Ingredients: 1 gallon whole milk, 1/3-1/2 cup vinegar or lemon juice (I like vinegar results better), and salt.
That's it!

Let's make cheese:
Heat your milk (slowly, while stirring frequently) to 190 degrees F. The milk should just be starting to really bubble/foam up. Do not bring it to a full boil. Remove your milk from the heat and SLOWLY stir in your acid (vinegar or lemon juice). Don't overstir. You should notice the white curds start to separate from the yellow-ish whey. Cool. Let it sit (don't stir here) for about 20 minutes until you really have good separation. Then ladle your curds into a cheesecloth (or muslin, or even pillowcase) lined colander. Let drain there for a few minutes, then add salt to taste, gather the ends of your cheesecloth at the top and tie together and hang your sack of cheese to drain ( I use a long wooden spoon handle over a pot) for 10 minutes to a couple hours. Depends on how firm you want your cheese. We like to eat it tend to devour it while it's still warm, so it never gets hung long! Man, it's good warm! At this point you can refrigerate it for a week or so. Some say the taste improves after a day or two in the refrigerator. But I like it fresh! This cheese doesn't melt well, but is great in salads, on sandwiches, and even chunky on pizza or focaccia. If it makes it past your kitchen counter, that is.
Ladling the curds
This is not my picture. But I love the simple-ness of it. Though I can't help thinking, "what did the poor cheese do!?" Does it not look like a hanging? Lol.
Our finished product.
Have fun!

Tuesday, April 9, 2013

Saturday was my birthday. The 35th one. Brenna's worried I'm getting old and has been all the more clingy because of it. Silly girl.
Joe took me out to lunch as a treat. Getting there with six clean kids was the real treat. Here's a little peek into what's usually involved in getting our six kids out the door and looking halfway decent:

It took me the better part of the morning to get them all cleaned up from their morning outdoor play. As I took the littlest ones out to the van, I noticed that:
"a" the carseats were not in the van where they needed to be, and
the goats needed water.
 I sent Joe for the carseats, set Isaac and Charlotte down next to the van with a stern warning not to move, and set out for the water bucket. It took all of 72 seconds to refill the goats' water. But in that time, Charlotte in her pretty white sweater and pink leggings had settled down in the middle of a mound of fresh dirt, and was digging her little heart out with her clean little hands. Isaac, not to be outdone, had toddled up the porch steps and was trying like a brave little one year old to climb right back down them. Except he doesn't know how to climb down yet. And all I see is the concrete pad awaiting his little head at the bottom. And both Isaac and Charlotte are in opposite directions. And of course neither are paying attention to my frantic screaming. (and my morning coffee has worn off long ago) Obviously I run for Isaac first and am glad to say that I saved him from certain peril once again. But by the time I reached Charlotte her white sweater was a pretty shade of mushroom grey, with matching hands and face. By this time, my oblivious  awesome husband had finished with the carseats and turns, smiling at me, proud he's done something to help, right about the same time Ava shows up ready for lunch, in her pajama pants. The girl that wears dresses to do her barn chores. Oy. After all this, lunch was a lovely affair. Isaac flirted shamelessly with the waitresses.  And Joe and I made up over vegetable lo mein.
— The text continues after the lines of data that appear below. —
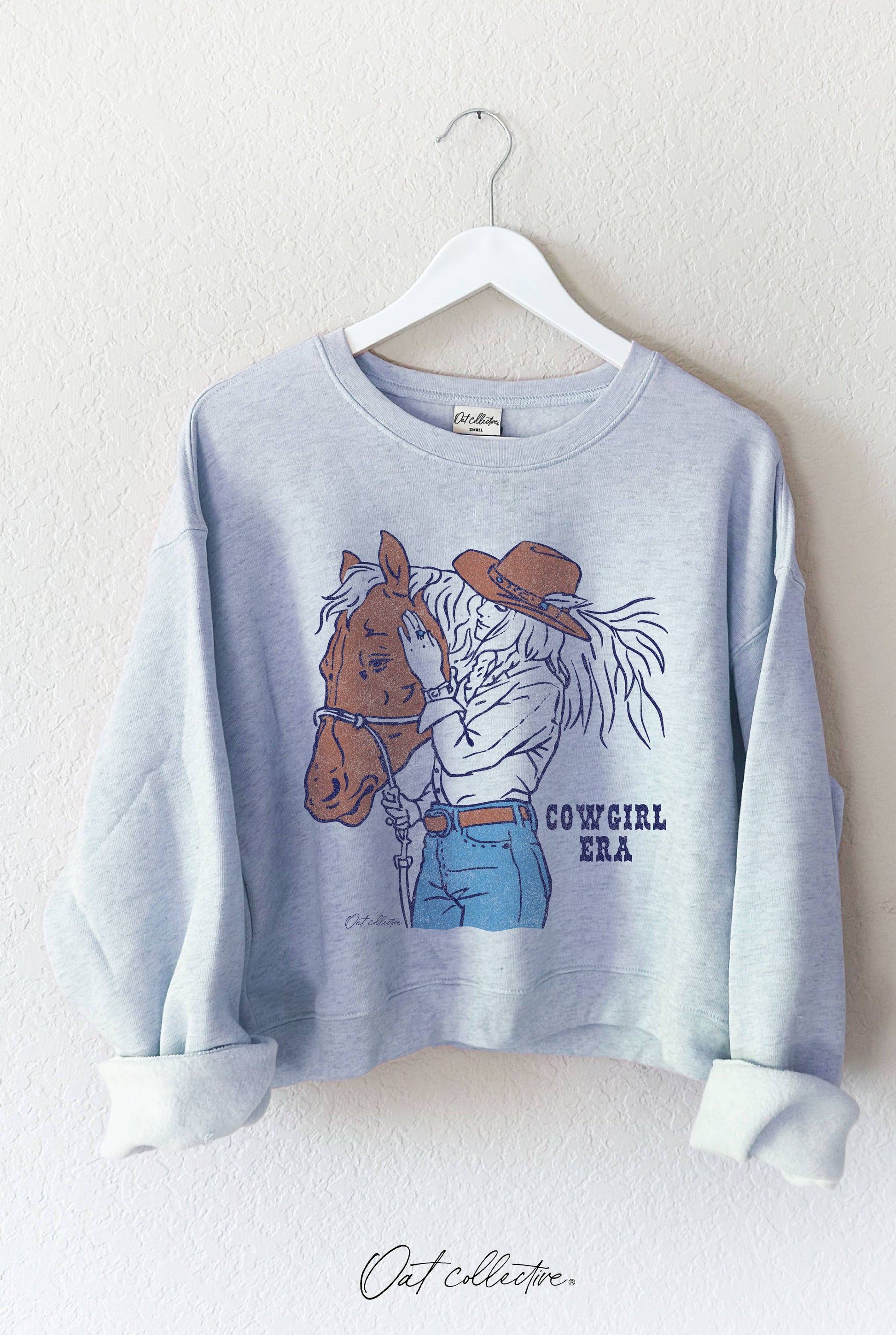 COWGIRL ERA Mid length Graphic Fleece Pullover Relaxed Fit.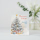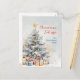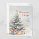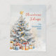 Ein eleganter Weihnachtsbaum in Vintager Wasserfarbe wird auf dieser schönen Urlaubspostkarte gezeigt. Hübsche Goldbaubles markieren den schneebedeckten Kiefer und der Oberteil ist ein heller Stern. Hübsche Geschenke und Pakete umgeben die Basis des Baumes. Der Gruß auf der Vorderseite der Postkarte ist "Weihnachtstidings", obwohl Sie dies zu einem anderen saisonalen Gruß ändern können, wenn Sie es vorziehen. Stellen Sie sicher, dass Sie den Familiennamen und das Datum des Beispiels bearbeiten.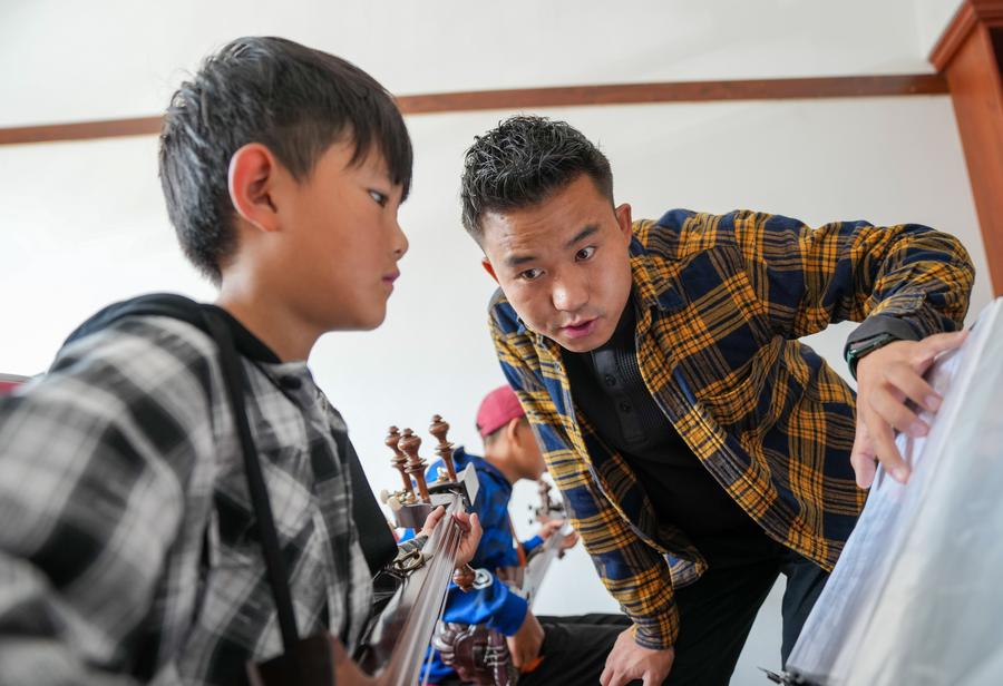 9日、ラサ市第二中等職業技術学校で、生徒の演奏を修正する教師。(ラサ=新華社記者/張笑宇)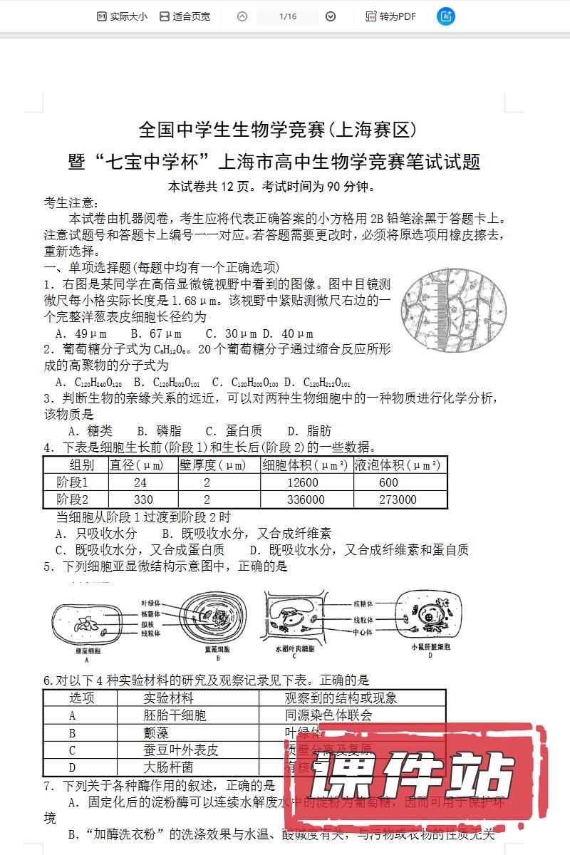 【打包下载】高中生物竞赛教学资源

The pulsator on our milking machine broke. Not two weeks into using it. Joe's hoping it's minor and has ordered a rebuild kit for it. In the meantime, we're back to milking by hand, and thankful we don't have 50 goats just yet.

Joe broke ground on the garden a couple days ago. Hard, backbreaking work, even with a tiller. It needs done a couple more times before we can plant, but it's started. Maybe someday we'll have a plow. Today we discovered that the small overgrown field next to the barn was REALLY soft (it's been frozen up to this point).  Under the sod, we found black compost about a foot deep. Gold. Must've been where the cows from years past were kept, waiting their turn to come into the barn for some fresh hay and a milking. I was busy much of today digging that out and transporting it by wheelbarrow-ful to the garden plot. Again, backbreaking. Again, can someone say TRACTOR? Oh well, the physical labor is exhilarating. Joe says I'll be as skinny as a supermodel in no time. Uh huh.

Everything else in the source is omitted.